Data to process START

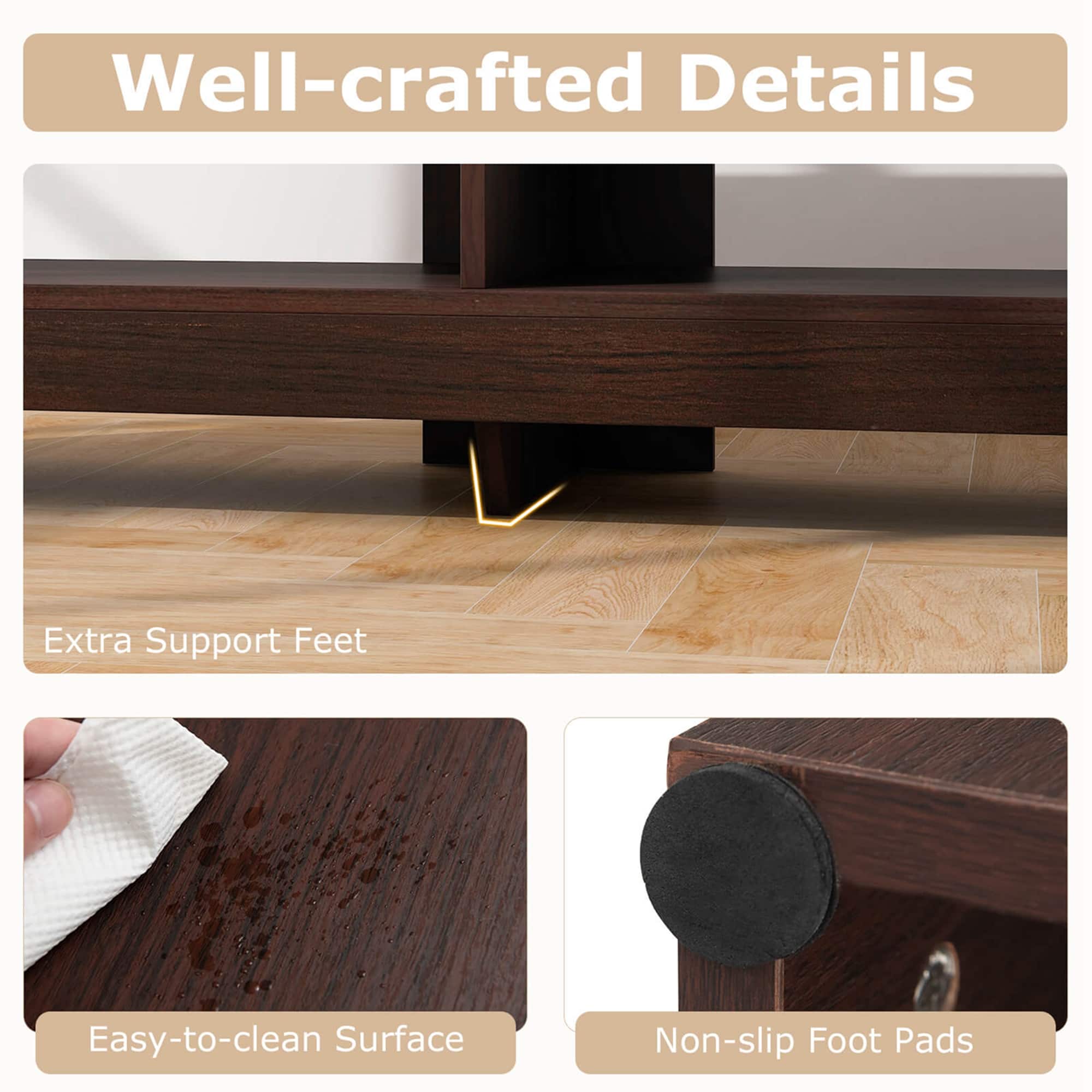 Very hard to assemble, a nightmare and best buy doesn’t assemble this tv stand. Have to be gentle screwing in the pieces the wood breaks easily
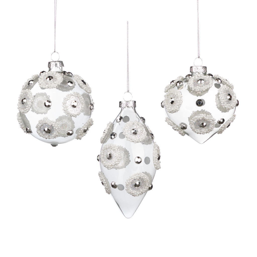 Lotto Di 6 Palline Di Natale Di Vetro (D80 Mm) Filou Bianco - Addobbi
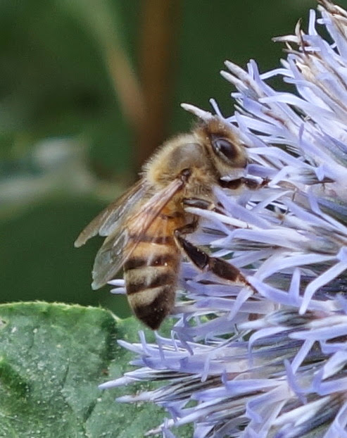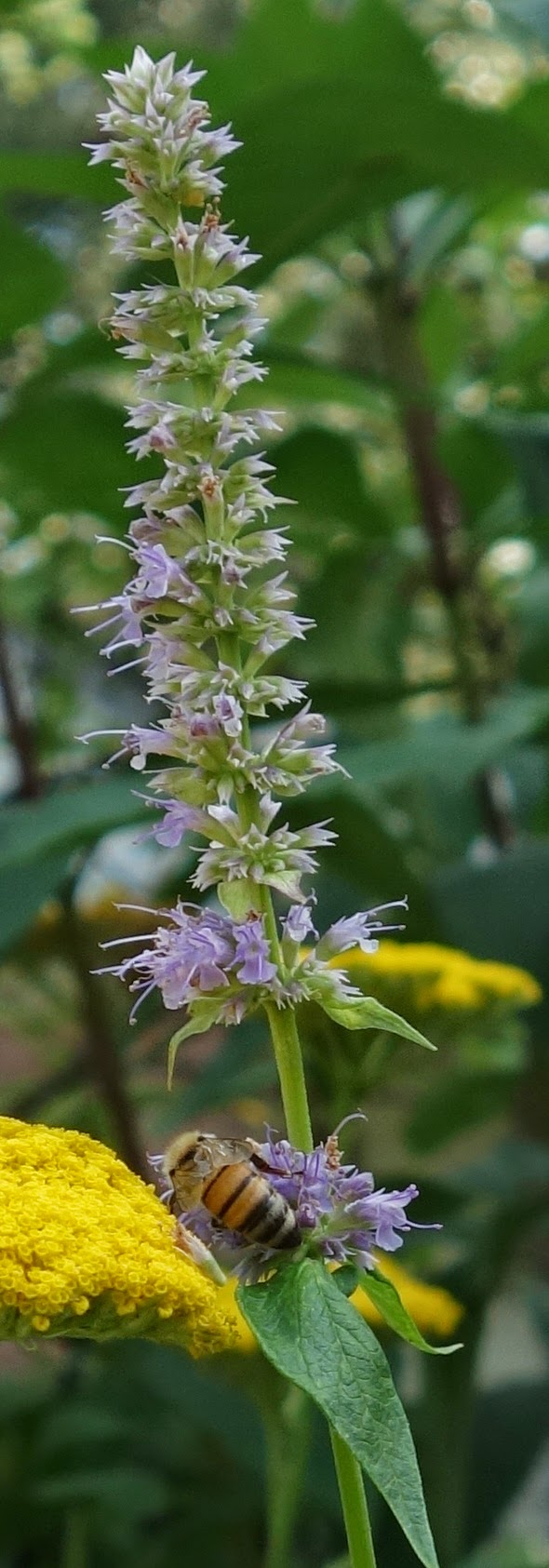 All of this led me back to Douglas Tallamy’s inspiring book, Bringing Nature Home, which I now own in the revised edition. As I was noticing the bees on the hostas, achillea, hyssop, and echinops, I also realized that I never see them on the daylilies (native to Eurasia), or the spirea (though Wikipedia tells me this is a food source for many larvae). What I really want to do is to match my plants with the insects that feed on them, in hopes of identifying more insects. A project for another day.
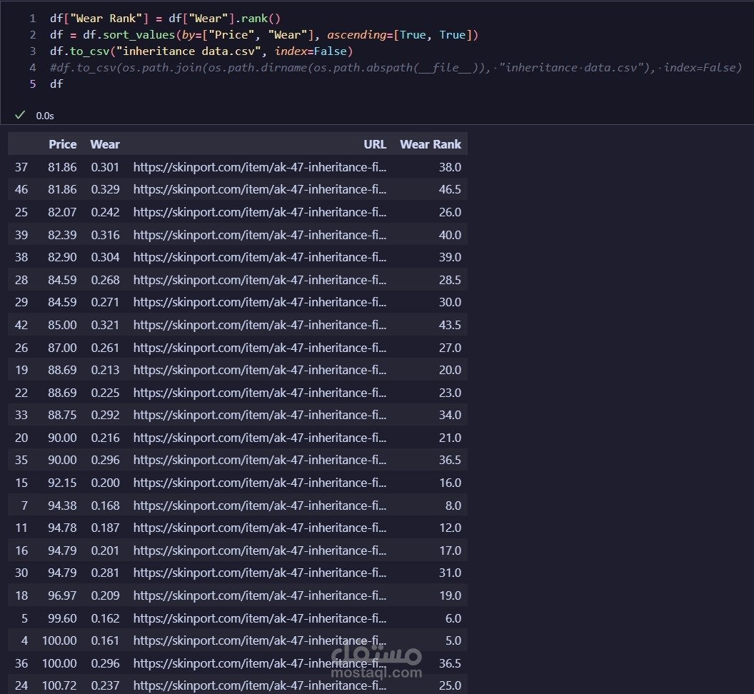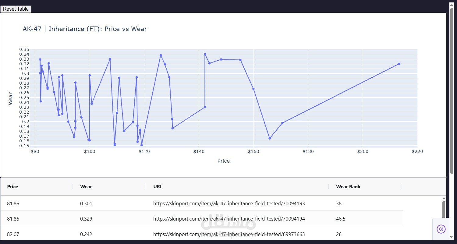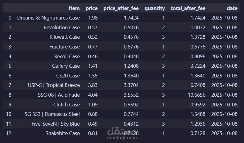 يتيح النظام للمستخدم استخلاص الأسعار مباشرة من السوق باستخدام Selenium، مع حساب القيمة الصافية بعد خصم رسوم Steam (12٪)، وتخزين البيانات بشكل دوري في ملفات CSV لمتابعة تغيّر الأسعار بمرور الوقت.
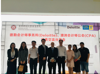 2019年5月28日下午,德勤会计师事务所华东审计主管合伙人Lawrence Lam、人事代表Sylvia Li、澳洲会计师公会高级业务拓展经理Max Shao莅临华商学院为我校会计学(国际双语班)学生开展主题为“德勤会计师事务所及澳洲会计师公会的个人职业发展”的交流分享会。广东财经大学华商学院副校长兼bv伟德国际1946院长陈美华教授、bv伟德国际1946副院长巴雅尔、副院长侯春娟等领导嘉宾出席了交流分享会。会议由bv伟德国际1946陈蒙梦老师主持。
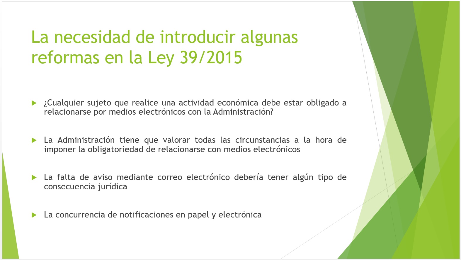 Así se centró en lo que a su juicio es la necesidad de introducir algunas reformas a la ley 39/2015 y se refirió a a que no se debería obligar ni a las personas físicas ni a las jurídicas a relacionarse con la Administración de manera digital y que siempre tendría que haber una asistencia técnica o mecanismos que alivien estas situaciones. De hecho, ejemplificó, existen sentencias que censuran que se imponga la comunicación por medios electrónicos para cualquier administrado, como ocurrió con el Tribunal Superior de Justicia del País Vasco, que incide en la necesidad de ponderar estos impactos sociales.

Data to process END
Data to process START

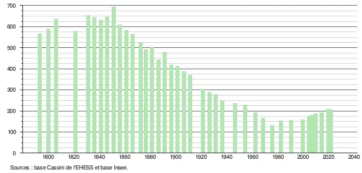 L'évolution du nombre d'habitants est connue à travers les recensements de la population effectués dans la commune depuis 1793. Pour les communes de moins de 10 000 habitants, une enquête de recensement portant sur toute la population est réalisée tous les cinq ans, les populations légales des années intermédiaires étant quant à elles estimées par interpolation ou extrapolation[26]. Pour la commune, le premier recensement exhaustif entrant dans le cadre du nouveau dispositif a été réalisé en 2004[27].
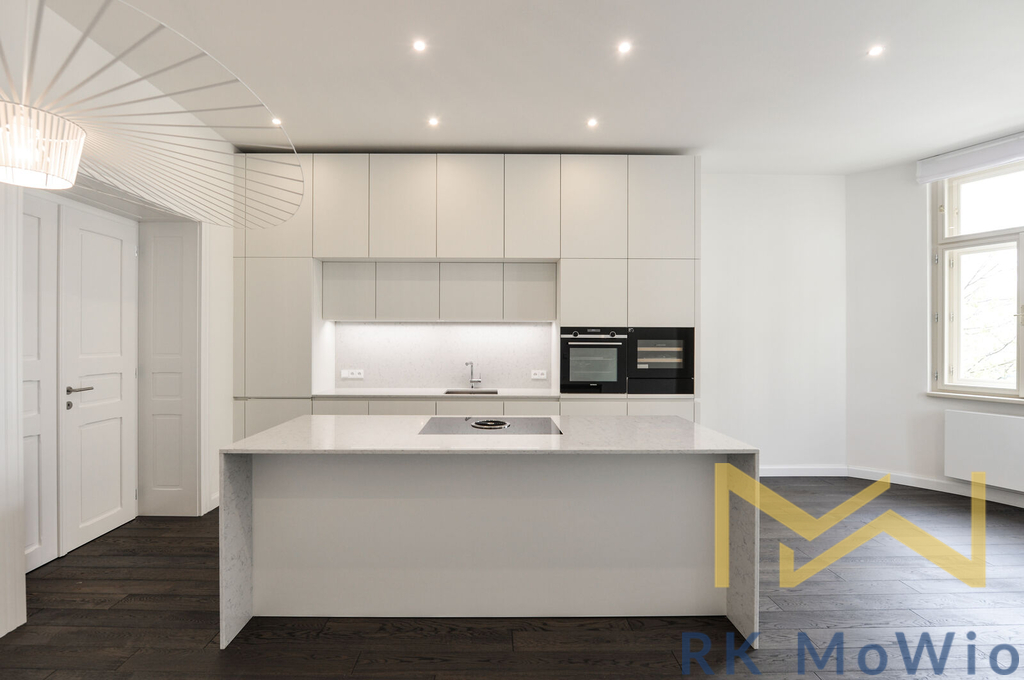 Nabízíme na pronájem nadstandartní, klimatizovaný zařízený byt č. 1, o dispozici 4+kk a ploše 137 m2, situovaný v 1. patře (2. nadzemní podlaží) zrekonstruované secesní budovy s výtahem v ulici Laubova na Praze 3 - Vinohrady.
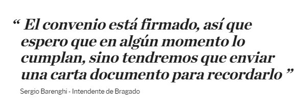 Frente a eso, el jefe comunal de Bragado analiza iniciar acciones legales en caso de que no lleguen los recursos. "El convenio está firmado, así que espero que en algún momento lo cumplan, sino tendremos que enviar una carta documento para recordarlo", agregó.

Data to process END
Data to process START

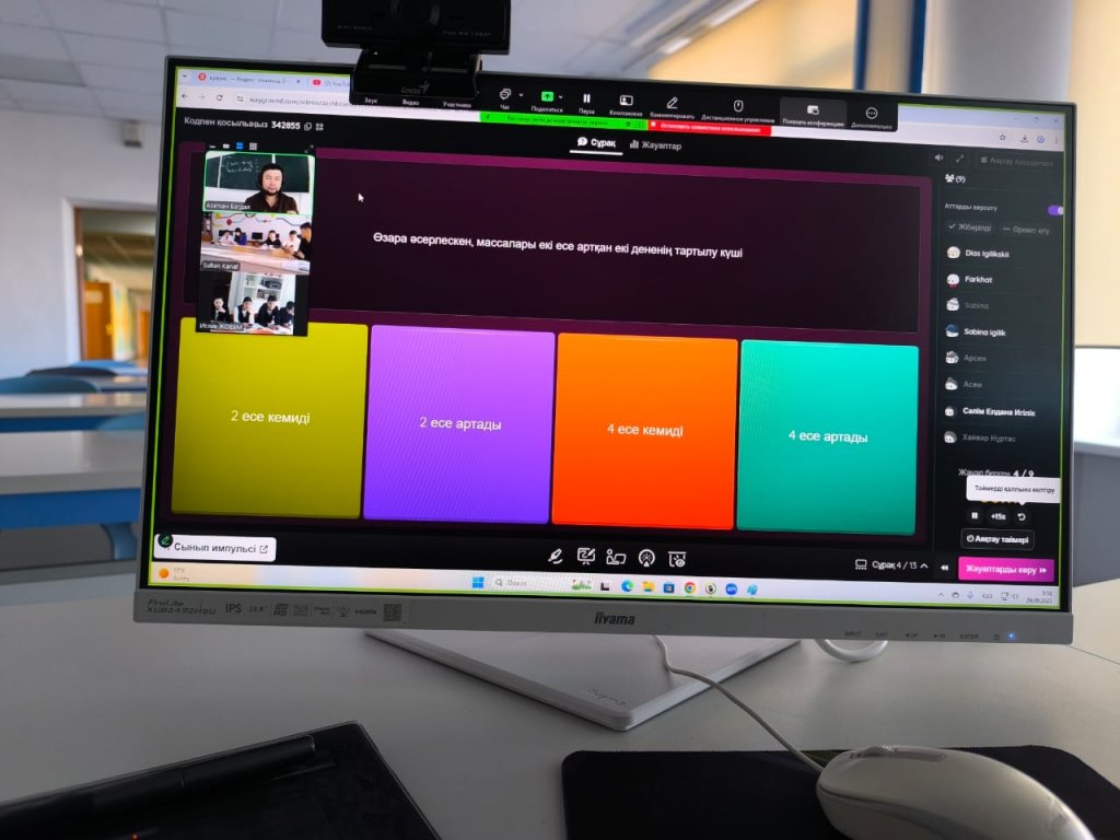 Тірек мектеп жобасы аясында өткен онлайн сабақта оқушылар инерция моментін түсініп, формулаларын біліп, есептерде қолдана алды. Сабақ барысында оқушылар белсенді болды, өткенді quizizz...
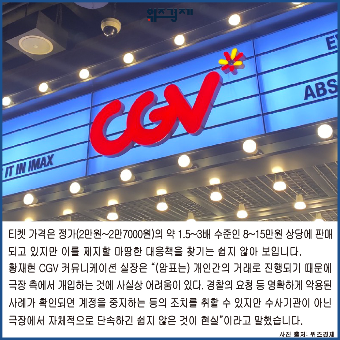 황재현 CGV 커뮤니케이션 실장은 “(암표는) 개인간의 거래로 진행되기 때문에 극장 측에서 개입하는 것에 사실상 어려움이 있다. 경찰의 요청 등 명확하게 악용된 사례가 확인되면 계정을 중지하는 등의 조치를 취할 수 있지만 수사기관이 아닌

Data to process END

- Directions for this task -
Would you copy, word for word, only the lines above from the one containing "L'évolution du nombre" through the one containing "Frente a eso, el", both included, and please leave out the pictures?

- Solved problem -
 L'évolution du nombre d'habitants est connue à travers les recensements de la population effectués dans la commune depuis 1793. Pour les communes de moins de 10 000 habitants, une enquête de recensement portant sur toute la population est réalisée tous les cinq ans, les populations légales des années intermédiaires étant quant à elles estimées par interpolation ou extrapolation[26]. Pour la commune, le premier recensement exhaustif entrant dans le cadre du nouveau dispositif a été réalisé en 2004[27].
 Nabízíme na pronájem nadstandartní, klimatizovaný zařízený byt č. 1, o dispozici 4+kk a ploše 137 m2, situovaný v 1. patře (2. nadzemní podlaží) zrekonstruované secesní budovy s výtahem v ulici Laubova na Praze 3 - Vinohrady.
 Frente a eso, el jefe comunal de Bragado analiza iniciar acciones legales en caso de que no lleguen los recursos. "El convenio está firmado, así que espero que en algún momento lo cumplan, sino tendremos que enviar una carta documento para recordarlo", agregó.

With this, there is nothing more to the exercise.